» **Required work**
Nothing outside the range is to be copied. From the entries below, reproduce exactly the lines starting at the one with "Armbånd af guld" and ending at the one with "包手臂欧美章鱼美女纹身_欧美纹身图案大全_纹身图吧", without pictures.

*** Opening of Provided data ***

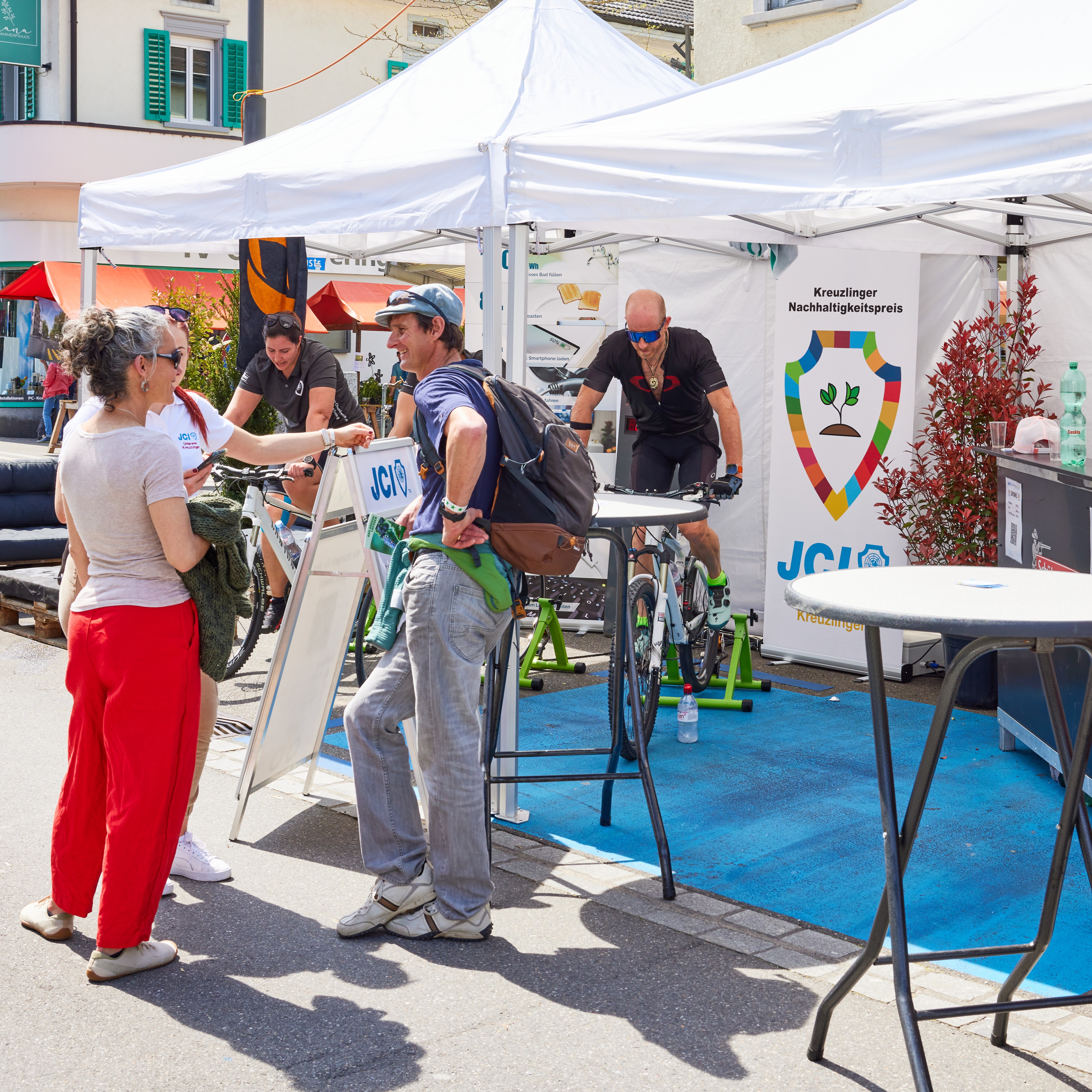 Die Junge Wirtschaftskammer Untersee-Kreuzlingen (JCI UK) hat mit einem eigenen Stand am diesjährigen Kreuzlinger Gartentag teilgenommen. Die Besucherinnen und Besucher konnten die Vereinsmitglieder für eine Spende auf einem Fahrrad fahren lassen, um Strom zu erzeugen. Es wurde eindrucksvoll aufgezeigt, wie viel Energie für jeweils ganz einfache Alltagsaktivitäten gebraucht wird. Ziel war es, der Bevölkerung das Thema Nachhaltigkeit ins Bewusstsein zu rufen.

*** Close of Provided data ***
*** Opening of Provided data ***

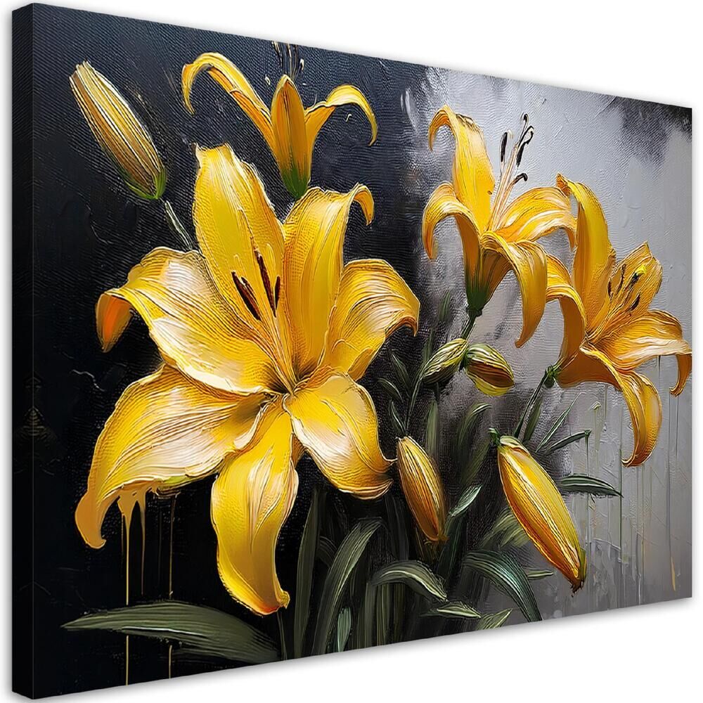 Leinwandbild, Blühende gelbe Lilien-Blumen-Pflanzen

*** Close of Provided data ***
*** Opening of Provided data ***

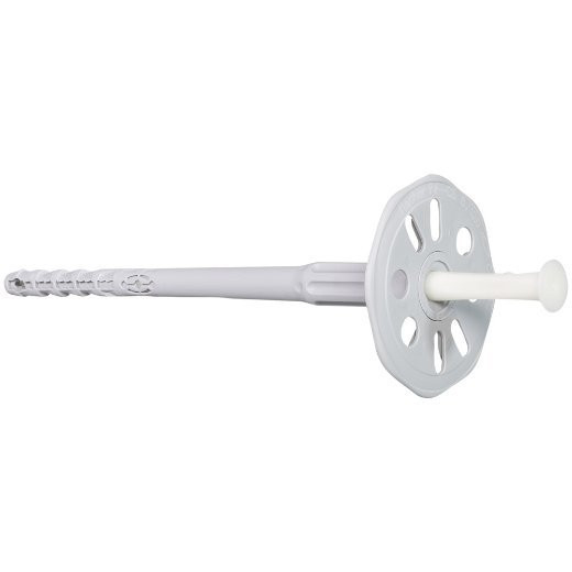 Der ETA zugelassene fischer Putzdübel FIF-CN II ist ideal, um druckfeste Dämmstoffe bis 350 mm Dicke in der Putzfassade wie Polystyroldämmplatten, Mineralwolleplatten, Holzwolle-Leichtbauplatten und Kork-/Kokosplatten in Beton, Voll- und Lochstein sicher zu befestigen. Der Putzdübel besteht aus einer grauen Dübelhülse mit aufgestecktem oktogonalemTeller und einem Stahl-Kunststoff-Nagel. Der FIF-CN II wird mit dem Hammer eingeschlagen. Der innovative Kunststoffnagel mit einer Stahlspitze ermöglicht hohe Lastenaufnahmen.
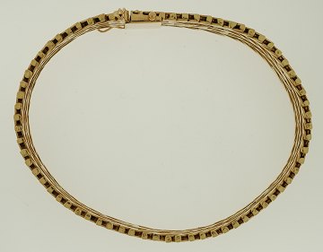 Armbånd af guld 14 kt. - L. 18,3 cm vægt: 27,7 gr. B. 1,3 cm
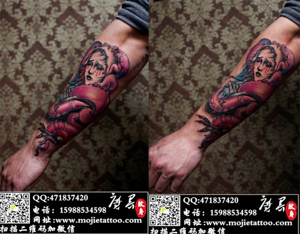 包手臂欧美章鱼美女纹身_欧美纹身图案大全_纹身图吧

*** Close of Provided data ***

» **Response below**
 Armbånd af guld 14 kt. - L. 18,3 cm vægt: 27,7 gr. B. 1,3 cm
 包手臂欧美章鱼美女纹身_欧美纹身图案大全_纹身图吧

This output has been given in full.